|
Minutes from class-June 4, 2002
Note: Topic for today’s class—German New Wave
Reimer began class with a brief introduction and description of West German Cinema of the 1950’s, which the New Wave directors criticized.
West German Cinema had an escapist quality to its films. They did not deal with social problems or issues that young Germans considered important. Films ran away from the past, ignoring WWII, the Holocaust, the Economic Miracle, etc. There were several main types of West German films: Heimat films, uncritical war films, and sex farces.
Heimat films romanticized the past, going back to the 19th century to find an ideal world to portray to it’s audience. These films skipped the periods 1914-1918 and 1933-1945.
War films also idealized the military movements of the Germans. They portrayed the German military as idealistic, doing its patriotic duty. These films completely divorced the German military and people from the Nazi party and Hitler. They did not show the historical perspective on Germany’s role in WWII. In a sense the films helped the german viewer accept the idea of a German military, at a time when Germany was rearming.
New Wave directors, commonly called the Oberhausen group went back to the directors of the 1920’s for inspiration, looking to both their early films and their contemporary films coming from Hollywood.
The most important names in the New Wave movement were R.W. Fassbinder, W. Herzog, and Völker Schlondorff. Fassbinder made more than forty films, many of which are still played today. The high period of the movement is considered to be the time that Fassbinder was making films, 1969-1982, and was considered to have died after Fassbinderäs death.
Film clips:
Film #1: Katzelmacher
Katzelmacher was Fassbinderäs first film. The title was referring to guest workers and their tendency to have a lot of children. The term Katzelmacher is a derogatory term.
The 3 main scenes of the opening appear unrelated; there is a man and a woman sitting at a table, a man and woman in bed, and a group of people in front of a wall, who later become people sitting at a table. The women in relationships with men appear very clingy, while the men are the opposite, not wanting the women near them, creating unhealthy relationships.
The people don’t connect to each other at all, even when speaking to each other.
The camera never moves, it stays in one place. All the movement comes from people entering or exiting the camera’s view. The director is trying to force people to recognize what film is and what its limitations are.
Fassbinder used this film to comment on society, and young people disconnection with themselves and each other.
At the same time as this movie, Andy Warhol and minimalism were making a big impact in New York.
Film #2: Stroszek
Herzog uses a schizophrenic man as the main character in this film to show how people, and in the clip we watched, animals, are conditioned to behave in a certain way, to believe certain things. In Stroszek’s case, he and his wife are conditioned by the American bankers, lenders, and creditors into believing that they can have the American dream, when they are really sinking deeper into debt.
Herzog uses the theme of going around in circles to make a statement about humankind and the circles we keep going around in.
Film #3: Woyzeck
This was a low budget film, with no money for special effects.

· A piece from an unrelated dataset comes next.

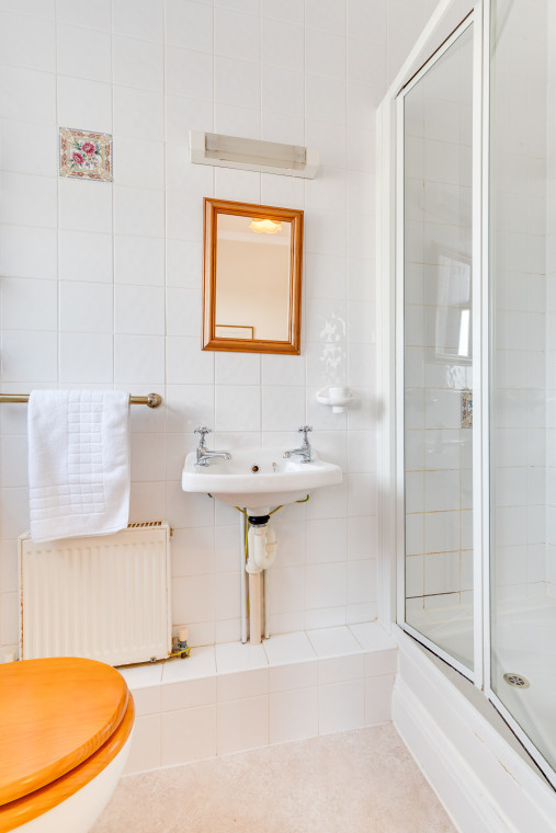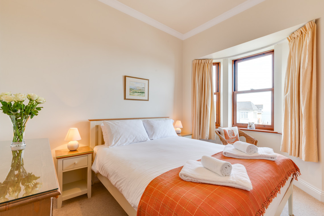 The open plan kitchen and dining room lends itself to family dining, while the cosy sitting room has seasonal views of the sea. Both bedrooms and bathrooms are on the first floor; double bedroom with en-suite shower room seasonal sea views. Across the hallway is the twin bedroom with family bathroom adjacent.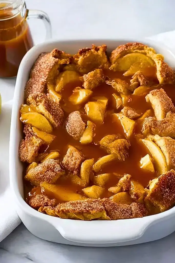 4. Grease a 9×13 baking dish. Layer half the bread, half the apples, and drizzle some caramel sauce. Repeat with the remaining bread and apples.

The clip we saw shows how Herzog makes us believe that Woyzeck is really killing his wife with no special effects to create the illusion. Herzog places the killing off camera, so that we see the knife plunging downward, and we know that he’s killing, but we don’t actually see the blade stabbing Woyzeck’s wife. He puts the camera into slow motion, but not the music, aestheticizing the scene, making something that is truly horrendous somehow seem beautiful.